10 марта 1878 года они оба присутствовали на публичной лекции молодого магистра философии, доцента Московского университета, в будущем отца русской религиозной философии Владимира Соловьева. Санкт-петербургские лекции Соловьева, прочитанные по поручению Общества любителей духовного просвещения, начались с Великого поста в январе 1878 года и составили знаменитый цикл «Чтений о богочеловечестве». Писатели даже не подозревали, что они оба одновременно находятся в лекционном зале. Причем Достоевский присутствовал на лекции с женой Анной Григорьевной. В этом же зале находился человек, который был знаком и с Толстым, и с Соловьевым, и с Достоевским, — это был упоминавшийся Николай Страхов. Но по какой-то загадочной причине, до сих пор до конца не выясненной, он не счел нужным познакомить двух писателей. Теперь существует целая научная литература по вопросу, почему же все-таки Страхов этого не сделал.

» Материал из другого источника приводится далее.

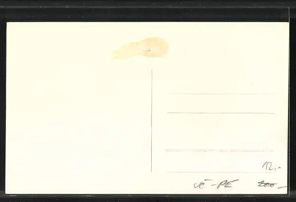 Personenbezogene Daten auf der Rückseite der Karte wurden durch blauen Textmarker unkenntlich gemacht. Die blauen Stellen sind auf die Vorderseite durchgeweicht und wirken sich negativ auf das Postkartenfoto aus
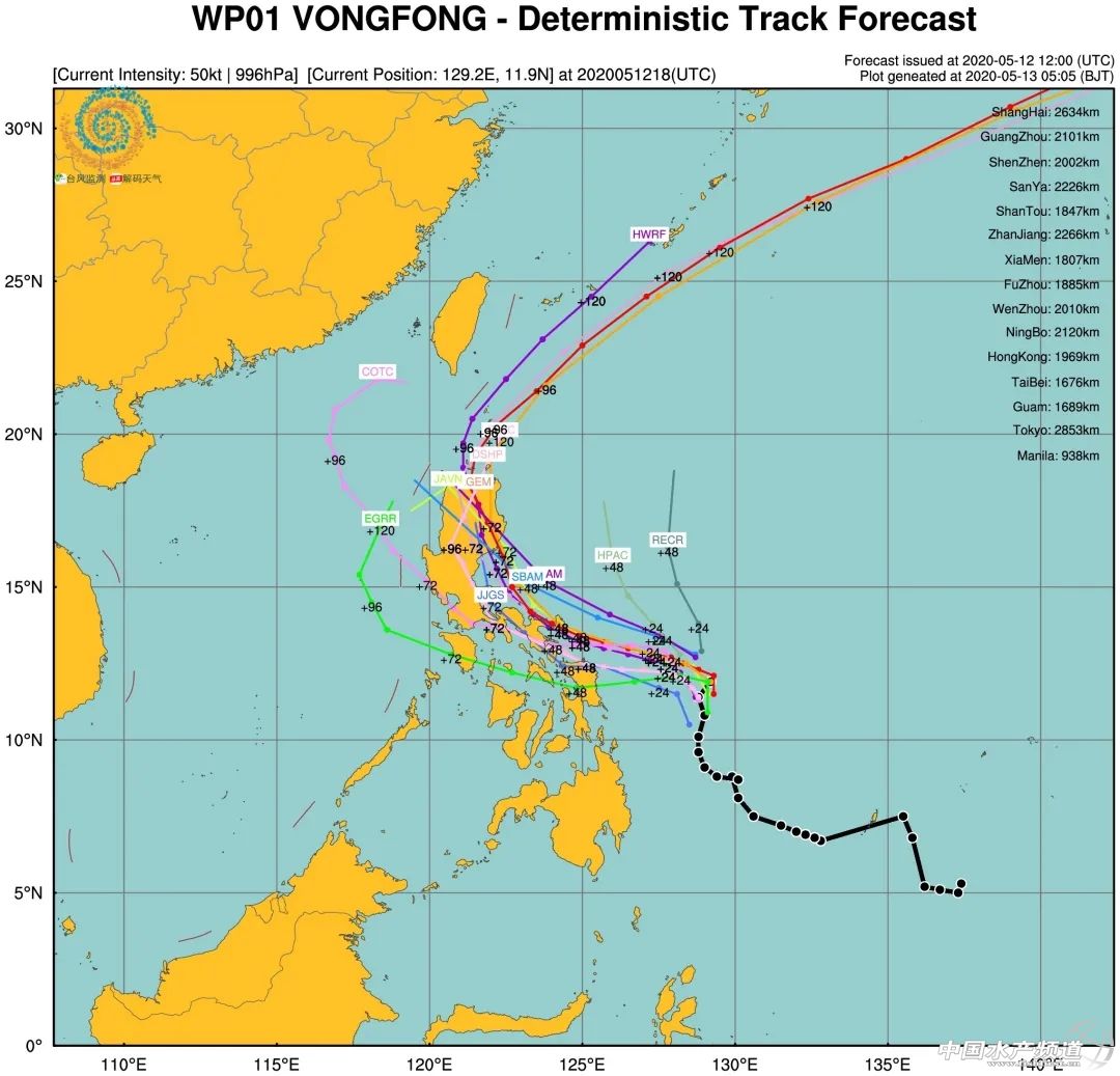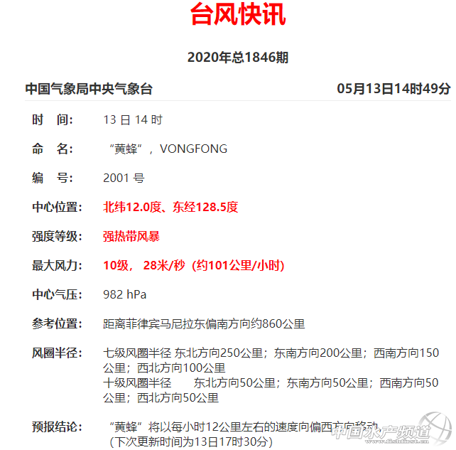 | 中國(guó)水產(chǎn)頻道綜合報(bào)道, 廣東、廣西、福建、浙江魚蝦塘臺(tái)風(fēng)警報(bào)緊急拉響!華南龍舟水、華東雨季即將全面爆發(fā)! 緊急關(guān)注! 2020年臺(tái)風(fēng)季大幕正式拉開, 首個(gè)臺(tái)風(fēng)“黃蜂”生成! 最強(qiáng)將達(dá)13級(jí) 廣東、福建、臺(tái)灣或先“吃下沉” 華南龍舟水、華東梅雨季即將爆發(fā)! 廣東、廣西、福建、浙江、臺(tái)灣 可能遭今年最強(qiáng)暴雨襲擊! 2020年首個(gè)臺(tái)風(fēng)“黃蜂”已正式生成,最強(qiáng)13級(jí) 2020年首個(gè)臺(tái)風(fēng)“黃蜂”(熱帶風(fēng)暴級(jí))已于昨晚生成,預(yù)計(jì),“黃蜂”強(qiáng)度將逐漸增強(qiáng),最強(qiáng)可達(dá)臺(tái)風(fēng)級(jí)。 中央氣象臺(tái)的預(yù)測(cè)認(rèn)為,臺(tái)風(fēng)黃蜂未來將持續(xù)向西北方向移動(dòng),逐漸向菲律賓群島靠近,由于目前臺(tái)風(fēng)黃蜂發(fā)展相當(dāng)順利,中央氣象臺(tái)認(rèn)為未來臺(tái)風(fēng)黃蜂的強(qiáng)度還將繼續(xù)加強(qiáng)。從目前來看,到5月14日上午可能就將達(dá)到臺(tái)風(fēng)級(jí),而5月14日晚還能達(dá)到13級(jí)風(fēng)力。但從路徑預(yù)測(cè)上也能看到,臺(tái)風(fēng)黃蜂在快速增強(qiáng)后將以巔峰強(qiáng)度登陸菲律賓,并且可能橫掃菲律賓群島中北部。 今年第1號(hào)臺(tái)風(fēng)“黃蜂”今天(13日)上午8點(diǎn)鐘(北京時(shí),下同)由熱帶風(fēng)暴級(jí)加強(qiáng)為強(qiáng)熱帶風(fēng)暴級(jí),上午8點(diǎn)鐘其中心位于菲律賓馬尼拉東偏南方約910公里的洋面上,就是北緯11.9度、東經(jīng)128.9度,中心附近最大風(fēng)力10級(jí)(25米/秒),中心最低氣壓985百帕,七級(jí)風(fēng)圈半徑100-250公里。 黃蜂出現(xiàn)“臺(tái)風(fēng)眼”,正在不斷增強(qiáng) 從衛(wèi)星云圖上看,它正位于菲律賓以東洋面,結(jié)構(gòu)小巧緊湊,已經(jīng)發(fā)展出一個(gè)比較密集的核心區(qū),這是它明顯增強(qiáng)的表現(xiàn)。 中央氣象臺(tái)認(rèn)為它目前已經(jīng)是10級(jí)的強(qiáng)熱帶風(fēng)暴。 從目前來看,由于其所在的位置海水能量充沛,大氣環(huán)流條件適合,它還將繼續(xù)增強(qiáng)。 今天上午,臺(tái)風(fēng)黃蜂中心一度出現(xiàn)朦朧的臺(tái)風(fēng)眼,這是它開始趨于成熟的標(biāo)志,意味著臺(tái)風(fēng)黃蜂可能開始朝著更高強(qiáng)度邁進(jìn)。 接下來,它將一邊增強(qiáng)一邊靠近菲律賓群島,對(duì)于菲律賓群島而言1號(hào)臺(tái)風(fēng)黃蜂是個(gè)不容忽略的威脅。 未來兩天“黃蜂”對(duì)我國(guó)海區(qū)無影響 預(yù)計(jì),“黃蜂”將以每小時(shí)10-15公里的速度向西北方向移動(dòng)并逐漸向菲律賓東部沿?拷,強(qiáng)度繼續(xù)增強(qiáng),將于15日前后登陸菲律賓呂宋島,爾后轉(zhuǎn)向東北方向移動(dòng),并將在臺(tái)灣島以東洋面減弱消失。未來兩天“黃蜂”對(duì)我國(guó)海域無影響。 從衛(wèi)星云圖可見,生成前后的黃蜂,已有非常明確的核心云團(tuán),強(qiáng)烈對(duì)流圍繞中心旋轉(zhuǎn)、翻滾。 葵花-8號(hào)衛(wèi)星監(jiān)測(cè)到的“黃蜂”動(dòng)態(tài)云圖(時(shí)間段:2020年5月13日01時(shí)00分至5月13日08時(shí)00分)來自:臺(tái)風(fēng)監(jiān)測(cè) “黃蜂”可能直接影響我國(guó)臺(tái)灣島 “黃蜂”有直接影響我國(guó)臺(tái)灣島的可能性,同時(shí)它在巴士海峽附近轉(zhuǎn)向的過程中北側(cè)的臺(tái)風(fēng)倒槽會(huì)影響到福建、浙江南部和廣東東部沿海。 各個(gè)預(yù)報(bào)方法預(yù)測(cè)的1號(hào)臺(tái)風(fēng)“黃蜂”幾天內(nèi)移動(dòng)路徑 據(jù)官方預(yù)報(bào),受副熱帶高壓和黃蜂臺(tái)風(fēng)下沉氣流影響,5月17日之前廣州將出現(xiàn)桑拿天,來自NMC 廣東、廣西、福建、浙江、臺(tái)灣或迎來今年最強(qiáng)暴雨 而到5月17日以后,隨著黃蜂的轉(zhuǎn)向、副高的東退,西南季風(fēng)將在南海全面爆發(fā),華南龍舟水、福建、浙江雨季、臺(tái)灣梅雨隨即開始。5月18日前后,廣東、廣西、福建、臺(tái)灣都可能迎來今年最強(qiáng)暴雨。 5月16-19日,西南季風(fēng)在南海的爆發(fā)過程預(yù)估。中氣愛根據(jù)ECMWF數(shù)據(jù)制作 總之,1號(hào)臺(tái)風(fēng)雖然登陸我國(guó)的可能性不大,但它會(huì)促成副高東退和南海夏季風(fēng)爆發(fā),對(duì)我國(guó)的間接影響不容忽視,尤其是華南、福建和臺(tái)灣。其中,臺(tái)風(fēng)轉(zhuǎn)向之前,廣東福建臺(tái)灣可能“吃下沉”,會(huì)熱幾天;臺(tái)風(fēng)轉(zhuǎn)向之后,兩廣福建臺(tái)灣將陸續(xù)進(jìn)入強(qiáng)盛的雨季。 “黃蜂”目前來看不會(huì)登陸我國(guó),那何時(shí)才會(huì)有臺(tái)風(fēng)登陸我國(guó)呢? 從常年來看,首個(gè)登陸我國(guó)的臺(tái)風(fēng)出現(xiàn)在6月28日,超過4成的首登臺(tái)風(fēng)登陸在了廣東沿海。從登陸強(qiáng)度來看,首個(gè)登陸我國(guó)的臺(tái)風(fēng)普遍不強(qiáng),絕大多數(shù)強(qiáng)度都在臺(tái)風(fēng)級(jí)或以下,其中超過7成的臺(tái)風(fēng)都是強(qiáng)熱帶風(fēng)暴級(jí)或臺(tái)風(fēng)級(jí)。 今年一號(hào)臺(tái)風(fēng)“黃蜂”的生成,代表著今年臺(tái)風(fēng)季的大幕已經(jīng)拉開,今年臺(tái)風(fēng)影響區(qū)域集中

Ситуация действительно сложилась совершенно парадоксальная: два великих русских писателя не смогли познакомиться друг с другом, при этом каждый из них в отдельности был прекрасно знаком со многими другими современниками — с Тургеневым, Гончаровым, Некрасовым, Островским. Видимо, здесь имело значение некое особое обстоятельство. Дело в том, что Николай Страхов — человек сложный, мнительный и завистливый — понимал свое собственное значение в передаче всему миру той или иной информации о Толстом и Достоевском и не хотел эту позицию друга, наперсника (в первую очередь для Толстого) и корреспондента терять. Ибо знакомство и дружба с Толстым — «немалый моральный капитал»[23].

Возможно, впрочем, как полагает литературовед Игорь Волгин, что этой встречи не хотел и Толстой. В период обострения своих религиозных исканий граф не боялся встречаться с известными старцами, богословами и церковными деятелями. И, более того, не только не боялся, но и сознательно искал этих контактов. Но именно встречи с Достоевским, человеком того же духовного масштаба и измерения, Толстой мог не желать и даже почему-то опасаться.

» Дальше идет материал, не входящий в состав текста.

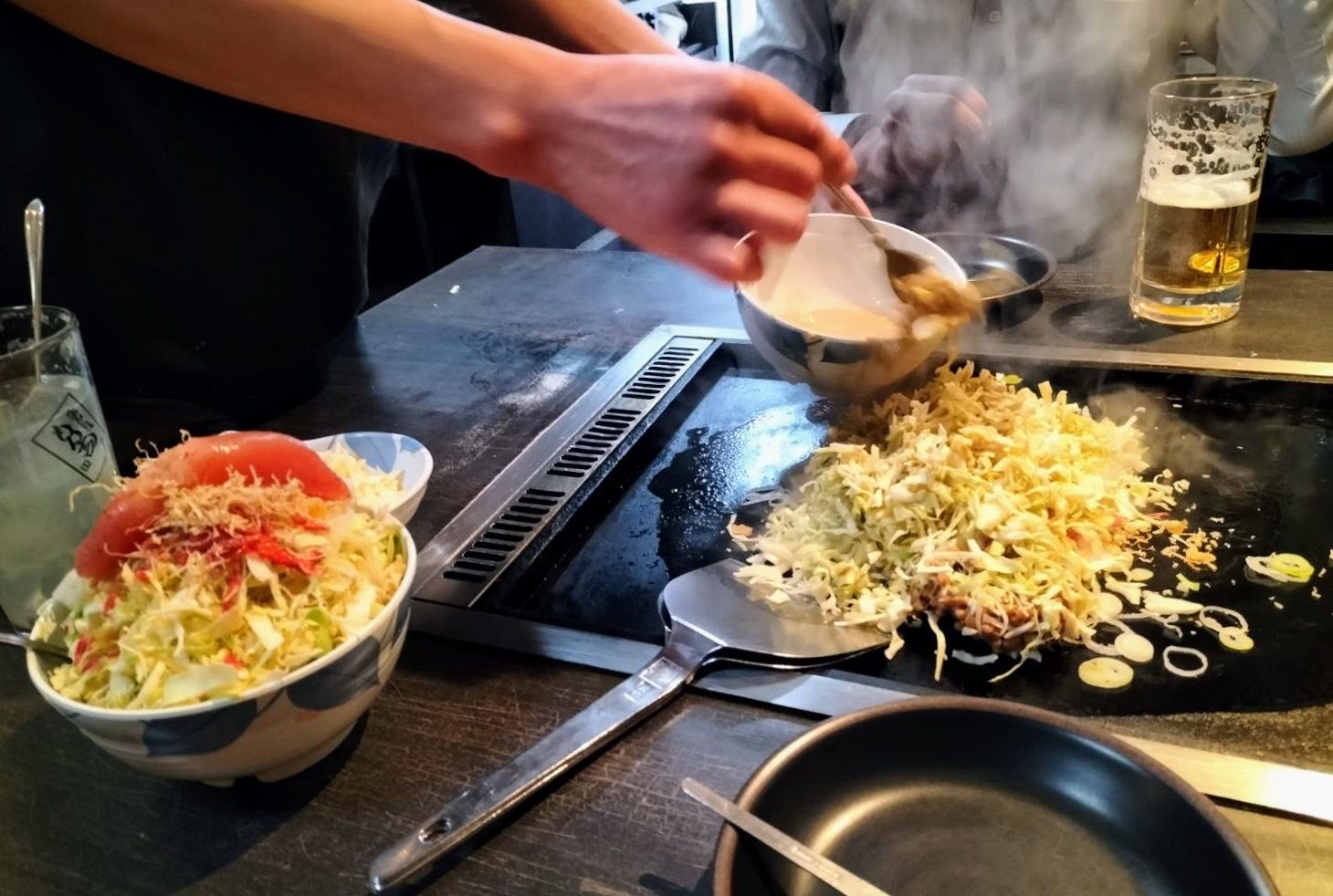 イギリスにはない納豆が恋しかったので、同店人気度7位の納豆ねぎ生イカと、”月島もんじゃといえば“の第2位、明太もちチーズのもんじゃを頼みました。

К сожалению, в тот момент и сразу после него оба писателя даже не знали, что находятся в одном помещении. Много позже, уже после смерти Достоевского, когда его вдова единственный раз в жизни лично беседовала с Толстым и сообщила ему о своем присутствии на этой лекции вместе с мужем, граф очень расстроился и произнес многозначительную фразу: «Как мне жаль! Достоевский был для меня дорогой человек и, может быть, единственный, которого я мог бы спросить о многом и который бы мне на многое мог ответить». Об этом пишет Анна Григорьевна Достоевская в своих воспоминаниях.

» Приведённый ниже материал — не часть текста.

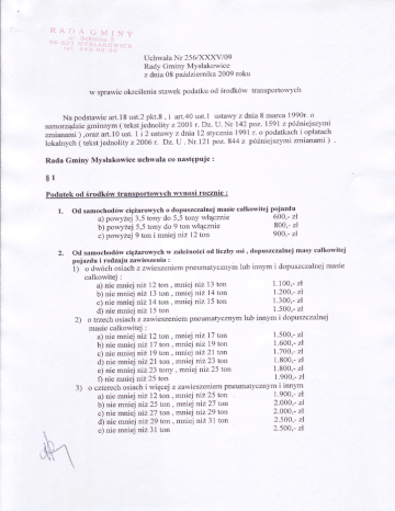 UchwalaNr 256D(XXV/09 RadyGminyMyslakowice 2009roku z dnia08 paZdziemika stawekpodatkuod Srodkówtransportowych w sprawieokreélenia Na podstawieart.18ust.2pkt.8, i art.40ust l ustawyz dnia 8 marca1990r'o samorzed;iegminnym( tekstj eánolity2 2001r ' Dz. U Nr 142poz' 1591z pó2niejszymi zmiana;i ),o-razart.10ust. I i2 ustawyz dnia12stycznia1991r. o podatkachi oplatach lokalnych(tekstjednolityz 2006r. Dz. U . Nr.121poz.844z pó2niejszymizmianami) Rada Gminy Myslakowiceuchwalaco nastppuje: sr t. 2. Od samochodówcig2arowycho dopuszczalnejmasiecalkowitej pojazdu a) powyzej3,5tony do 5,5tony wlqcznie b) powyzej5,5tonYdo 9 ton wl4cznie c) powyzej9 ton i mniej niL 12ron 600,-z\ 800,-zt 800,- zzll 900"- od liczby osi, dopuszczalneimasycalkowitej Orl samochodówcig2arowychw zale¿nosci : pojazdui rodzajuzawieszenia i;" o d*o.t osiachz zwieszeniempneumatycznymlub innym i dopuszczalnejmasie calkowitej: 1.100.-zl a) nie mniej ni? 12 ton, mniej niZ 13ton 1.200..200,-zt b) nie mniejniZ 13ton, mniejniZ 14ton 1 \.300,. 3 0 0 zL .c) nie mniejniz 14 ton, mniejniZ 15ton zl 1.500.1'500'd) nie mniej ni2 15ton i dopus: dopuszczalnej innym lub pneumatycznym 2) o trzechosiachz zawieszeniem : masiecalkowitej 1'500,-zl a) nie mniej Íiz 12 to17,mniej ni2 17ton 1'600'-zl b) niemniejni2l7 fon, mniejniZ 19ton 1 700,-zl c) nie mniejniz 19 ton, mniejni2 21 ton 1 800,-zl d) nie mniej nil 2I ton, mniejniZ 23 ton 1 800,-zl ej niemniejni223 tony, mniejniZ25 ton 1 900,-zl f.¡nie mniej riz25 fon i innym pneumatycznym 3) o czterechosiachi wiqcejz zawieszeniem 1 900,-z1 a) nie mniejni2 12ton , mniejniL 25 ton 2000'- zl' b) nie mniej niz 25 fon,mnielni227 ton 2'000'- zl cj nie mniej ni227 fo¡, mniejniZ 29 ton 2'500'-zl d) niemniejri229 ton, mniejniz 3l ton 2'500'-z+ e) niemnieini2 31ton l4cznie Od ci4gników siodlowych i balastowych przystosowanych.do uzywania pojazdów z nacze!4 lub przyczep4 o dopuszczalnej masie calkowitej zespolu od 3,5 tony i poni2ej12 ton 1.400,-zl Od ciqgników siodlorrTch i balastowych prrystosowanych-do u2ywania l4cznie z nacze"p4lub przyczep4 o dopuszczalnej masie calkowitej zespolu pojazdów równej lub wyiszej 12 ton lub innym pneumatyczllym l) o dwóchosiachz zawieszeniem zl 1.400,a) nie mniej niz 12 ton, mniej niz 18ton zl 1.500,b) niemniejniZ 18ton, mniejniZ25 ton zl 1.600,c) niemniej¡i225 fon, mniejniZ31 ton 2.000,-z1 d) nie mniejni23 I ton innym lub pneumatycznym 2) o trzechosiachz zawieszeniem 2.000,-zl niZ40 ton mniej 12 ron, a) nie mniej ni? 2.600,-zl b) nie mniej niz 40 ton Od przyczepi naczep, z wyj4tkiem zwi4zanychwyl4czniez.dzialalno3ci4rolnicz4 p.o*ndroo4 p""ez podatnikapodatku rolnego, które l4czniez pojazdemsilnikowym masgcalkowit4 : posiadaj4dopuszczaln4 Od 7 ton i ponizej12ton 1.200,-zl rolnicz4 wyl4czniez dzialalnoéci4 6, Od prryczepi naczep, z wyj4tkiemzwi4zanych silnikowym p.o*udron4pr"", pod"tnikupodatkurolnego,którel4czniez pojazdern : mas€calkowit4 dopuszczalnA posiadaj4 masie j"áit": osi z zawieszeniem lub innymi dopuszczalnej pner.rmatycznym i; "calkowitejzespolu Pojazdów: | 200'- zl a) nie mnieJni212 ton, mniejniz i 8 ton l'300,'z\ ni2 18ton, mniejniz 25 ton ú; niemnié.¡ 1 '300,-zi cj nie mniej Liz 25 fon lub innym i dopuszczalnej pneumatycznym 2) o dwáchosiach z zav¡ieszentem masiecalkowitejzespolupojazdów: 1.400,-zl a) nie mniej ni2 !2 fon, mniejni2 28 ton 1.400,-zl b) nie mniejniz 28 foí, mniejni2 33 ton 1.600,-zL c) niemniejniZ33ton, mniejniZ38ton 1.900,-z, d) nie mniej ni2 38 ton lub innym i dopuszczalnej pneumatycznym 3) o trzech osiachz zawieszeniem masie calkowitej zespolupojazdów : a) nie mniej íi2 12 ton, mniej ni2 38 ton b) nie mniej niZ 38 ton Od autobusów bezwzglgduna ilo5ómiejsc L 1 0 0 ,z- I 1.900,-zl zl 1.200,- $2 uchwala podlegaogloszeniuprzezrozplakatowaniena tablicy ogloszeúw urzqdzie Gminy oraz opublikowaniew prasielokalnej . $3 Z uplywem 3l grudnia2009roku traci moc uchwalaNr 78DilIl07 Rady Gminy Myslakowicez dnia 17 listopada2007r. w sprawiestawekpodatkuod érodków transportowychoraz wprowadzeniezwolnieú z tych podatków. s4 Wykonanieuchwaly powierzasig Wójtowi Gminy Myslakowice. $s Uchwalawchodzi w Zyciepo uplywie 14 dni od daty ogloszeniaw Dzienniku Urzqdowyrn od dnia 1 stycznia2010roku i ma zastosowanie WojewództwaDolnoÉl4skiego IIRZI' liadV ..rr i-.Zi\(lA i \ ' s : ¿ ii i o \ ' ; i t . e

Я хотел бы обратить внимание еще на одну очень важную невстречу. Двоюродная тетка Толстого, графиня и фрейлина Александра Андреевна Толстая, познакомившись с Достоевским незадолго до его смерти, признавалась в своих воспоминаниях, что «часто спрашивала себя, удалось ли бы Достоевскому повлиять на Толстого». Мы можем сколько угодно гадать на эту тему, но доподлинно известно, что за 17 дней до смерти Достоевского, а именно 11 января 1881 года, Александра Андреевна Толстая передала последнему одно из писем, полученных ею от Толстого. Прочитав его, Достоевский схватился за голову и воскликнул: «Не то, не то!»

Но что именно «не то»? Текст, который видел и читал Достоевский, — это письмо Толстого тетушке от 2 или 3 февраля 1880 года. В этом письме Толстой заявляет, что не может верить в то, что представляется ему ложью, и не только не может, но и уверен, что в это верить нельзя. Что «бабушка» (так в шутку писатель называл фрейлину, которая была на 11 лет его старше) верит «с натуги», то есть заставляет себя верить в то, что не нужно ни ее душе, ни отношениям этой души с Богом. Такое насилие над душой и совестью есть кощунство и служение князю мира сего. В этом же самом письме Толстой провозглашает, что вера в Воскресение, Богородицу, искупление есть для него также кощунство и ложь, творимые для земных целей.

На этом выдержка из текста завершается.